Il peint donc des scènes : scènes en montagne, scènes touristiques, scènes de voyage… Les compositions de ses tableaux reconstituent un évènement ou traduisent une émotion. Les personnages dans les paysages de Charles Prime prennent une photo, scrutent l’horizon en mangeant des pâtes ou sont concentrés sur l’écran de leur téléphone portable : ils sont absorbés par leur propre action. Ils ignorent le spectateur, ouvrant un espace intime et personnel dans l’espace partagé et immuable du paysage. Prenant à revers la tradition de la peinture de paysage, où l’admiration de ce qui est peint prévaut, ces personnages attirent le regard du spectateur hors du cadre, hors champ; leur concentration se porte sur un élément que le spectateur ne voit pas.
La résidence de Charles Prime au musée Léon-Dierx s’inscrit en partie dans la continuité de l’exposition Au cœur d’une île, les artistes et les Hauts de La Réunion au XIXe siècle.
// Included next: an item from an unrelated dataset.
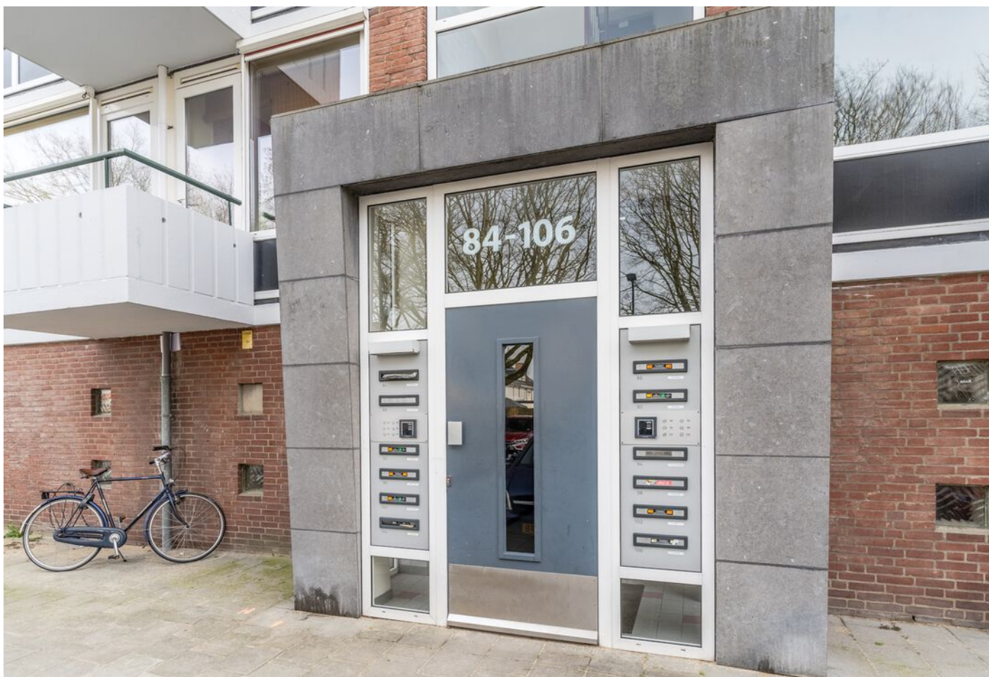
Hudsonlaan 86, 's-Hertogenbosch

Cinq toiles exposées ici s’inspirent de photographies anciennes pour créer des scènes où il joue du contraste ironique entre l’immuabilité des paysages et l’actualité des situations décrites mais dans une volonté simple de peindre la vie moderne, telle qu’elle est.
Omniprésents lorsqu’on part en voyage ou en randonnée, drones, téléphones portables, panneaux touristiques ou marques de vêtement se retrouvent alors naturellement dans sa peinture sans que l’artiste n’en maitrise la signification.